Adherent macrophages and FBGC also possess potentials to impact host tissue responses via the production of multiple chemokines and cytokines that promote cellular accumulation and proliferation. Clinically, these phenomena are well known and documented to lead to failure mechanisms. Examples include anastomotic hyperplasia in human vascular grafts leading to blood flow turbulence and thrombosis and coronary artery stent restenosis, in which the inflammatory response to both simple and polymer-coated drug eluted stents can result into smooth muscle cell and fibroblast proliferation in the stenotic component [57, 58]. An additional example is found in aseptic loosening of joint prostheses, as in total hip or knee replacement, where the fibrotic response separates bone from either the prosthesis or its polymethylmethacrylate bone cement [35]. Fibrous capsule formation in this area then leads to micromotion that, in turn, causes aseptic loosening of the prosthesis. Related to this, one mechanism for breast implant failure involves capsular contraction, leading to pain and breast deformation [37]. Biosensor function is also compromised by biofouling and fibrous capsule formation [59]. Thus, fibroblast proliferation and enhanced extracellular matrix formation have been implicated clinically in the failure of a wide variety of medical devices and prostheses.

Modulation of adhesion and activation of macrophages and FBGC with anti-inflammatory drugs may enhance the performance of pacemaker lead electrodes by reducing the inflammatory response and ultimate fibrous encapsulation. However, in clinical application, this type of solution to reduce local inflammatory cell interactions is rare and limited. Long-term systemic use of anti-inflammatory drugs may compromise host defenses, leading to impaired inflammatory and immune responses and increased potential for infection.

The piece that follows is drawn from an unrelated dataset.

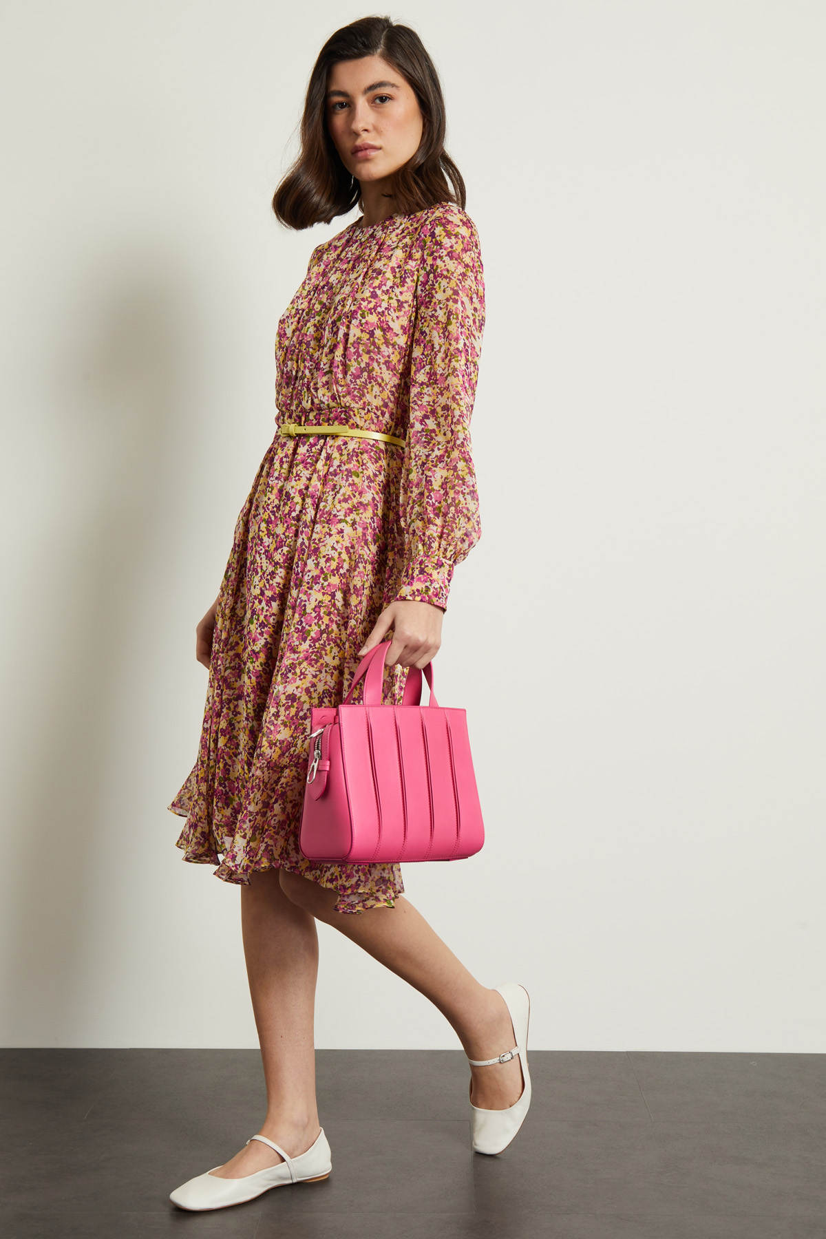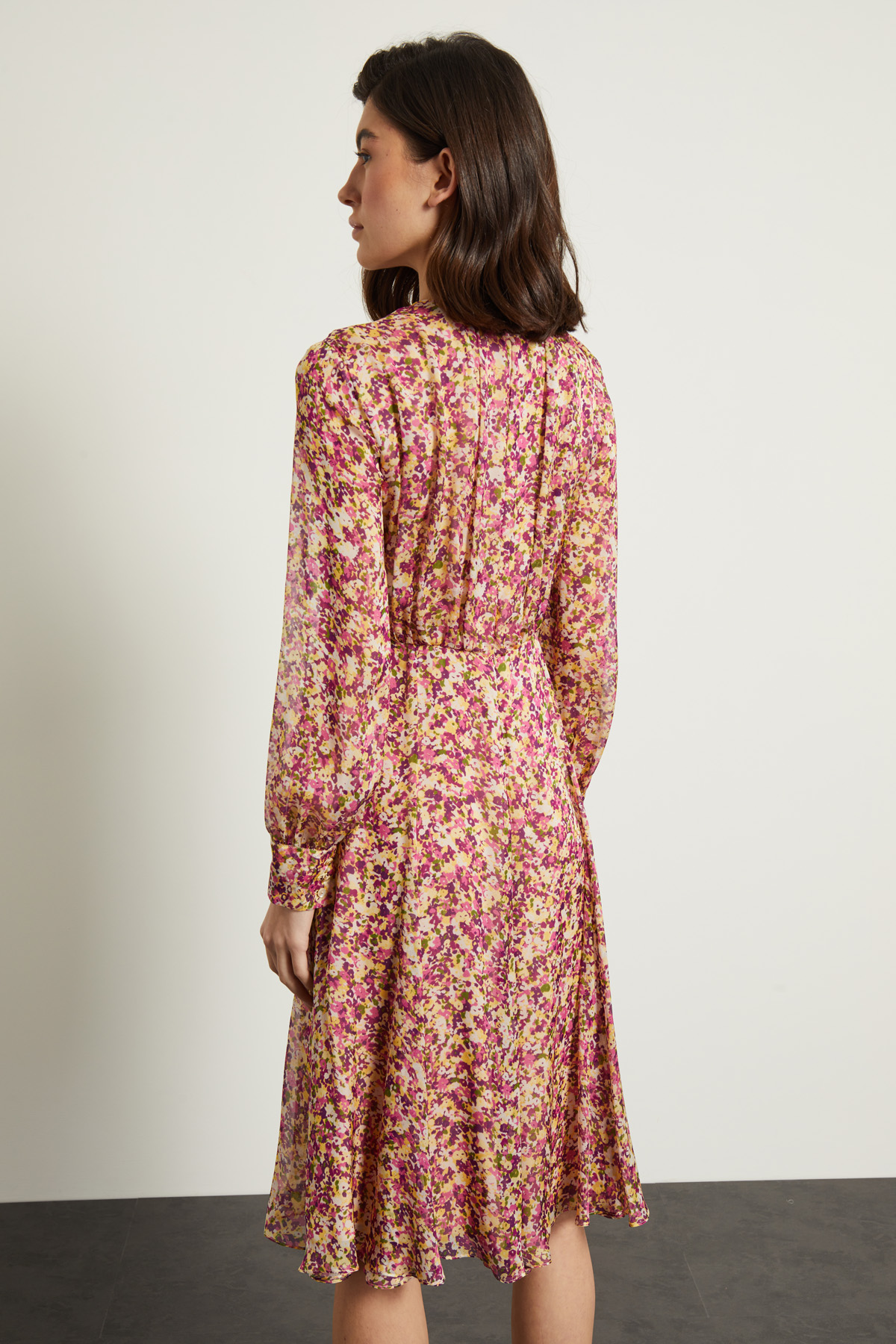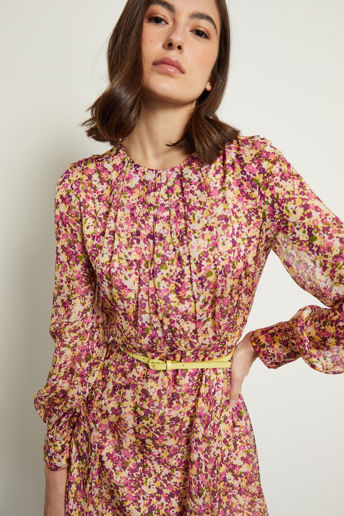 Abito midi dalla linea fluida realizzato in chiffon di pura seta stampata, con scollo a giro, motivo di pieghe cucite sul davanti, maniche lunghe con polsino e bottoni. Allacciatura tramite zip invisibile nel retro. Capo dotato di cintura in abbinamento. Semifoderato.
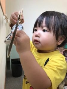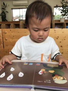 待ちに待ったきゅうりが大きくなり収穫の時期を迎えています。きゅうりを収穫しに行こうと袋とハサミを保育士が持っていると「いくー!」と。子どもたちは意気込んでいます。きゅうりが実っている所へ足を運ぶと・・・子どもたちは葉っぱをかき分け、かき分け、きゅうりを探しています。緑色のきゅうりは葉っぱに紛れ、なかなか発見しづらいのです。しかし、子どもたちは一生懸命探しています。見つけると「あったー!!」「きゅうり、ここにあったよ、みてー!」っと見つけた2歳児の子がお友だちにも教えてあげていました。ハサミを渡すと茎の部分を力いっぱい切って行くのですが・・・これが硬くてなかなか切れないのです。しかし子どもたちは食べたい一心で頑張っています。すると・・・子どもたちの頑張りできゅうりを2本収穫する事が出来ました。きゅうりを手にお部屋へと戻るときゅうりの写真カードや他の野菜のが沢山載っているイラストの隣にきゅうりを並べ「きゅうり、いっしょだね~」「おっきいね」などと、お友だちと楽しそうに話をしていました。収穫をしたきゅうりは給食の先生に渡し、綺麗に洗っていただきます。洗って頂いたきゅうりを手にしていると・・・子どもたちは直ぐに察した様子。みんな手を洗いに行き、消毒を済ませています。お友だちにも消毒液を「はい、どうぞ」と手渡したり、ポンプ式の消毒液を手の平に出してあげたりと子どもたち同士の素敵な関わりも見られました。きゅうりを切って行くと子どもたちの手が次々と机の上に伸びてきます。「たべたい!」「ちょうだい!」と。採れたてのきゅうりを試食。これも美味しいのですが・・・やっぱり味付けをしたきゅうりは格別の様で2本のきゅうりはあっという間に無くなってしまいました。別の場所ではおばけの絵本に夢中になっています。そんな姿におばけのイラストを出してみると、いつも掲示物がある場所へ2歳児の子が「パッチン!」と言いながらクリップに挟んでいました。おばけのイラストを描いてみると・・・「おめめない!」と目を書き足していました。沢山の目があるおばけ。そこから「はしゃみ(はさみ)ちょうだい!」と遊びを展開させていきます。おばけのイラストを器用に切り抜き楽しんでいました。小さいお友だちはシール貼りに真剣です。指先を器用に使い台紙から剥がそうと一生懸命な姿がとっても印象的でした。ちなみに今日もきゅうりを全部食べて無くなると「もっとないの?」「もっとたべたい」「さがしにいこっ!」っときゅうりは大盛況なのです。「はやくできないかなぁ~、きゅうり」と、待ち遠しい様でした。

Synthetic and modified natural tissue engineering scaffolds are also susceptible to the foreign body reaction, which can markedly reduce the function and usefulness of tissue-engineered constructs [60]. Predictably, surface modifications that inhibit, attenuate, or alter the progression of these events will enhance the function of these constructs. We believe that material-dependent monocyte/macrophage adhesion mechanisms, adhesion signaling, anoikis (apoptosis induced by adhesion failure), and chemokine/cytokine networks are four key acute and chronic cellular response mechanisms that, once understood, may potentially be targeted for control of biocompatible outcome. It is widely believed that attenuation of these critical monocyte, macrophage, or FBGC responses will lead to a diminished foreign body reaction and increased efficacy of medical device function.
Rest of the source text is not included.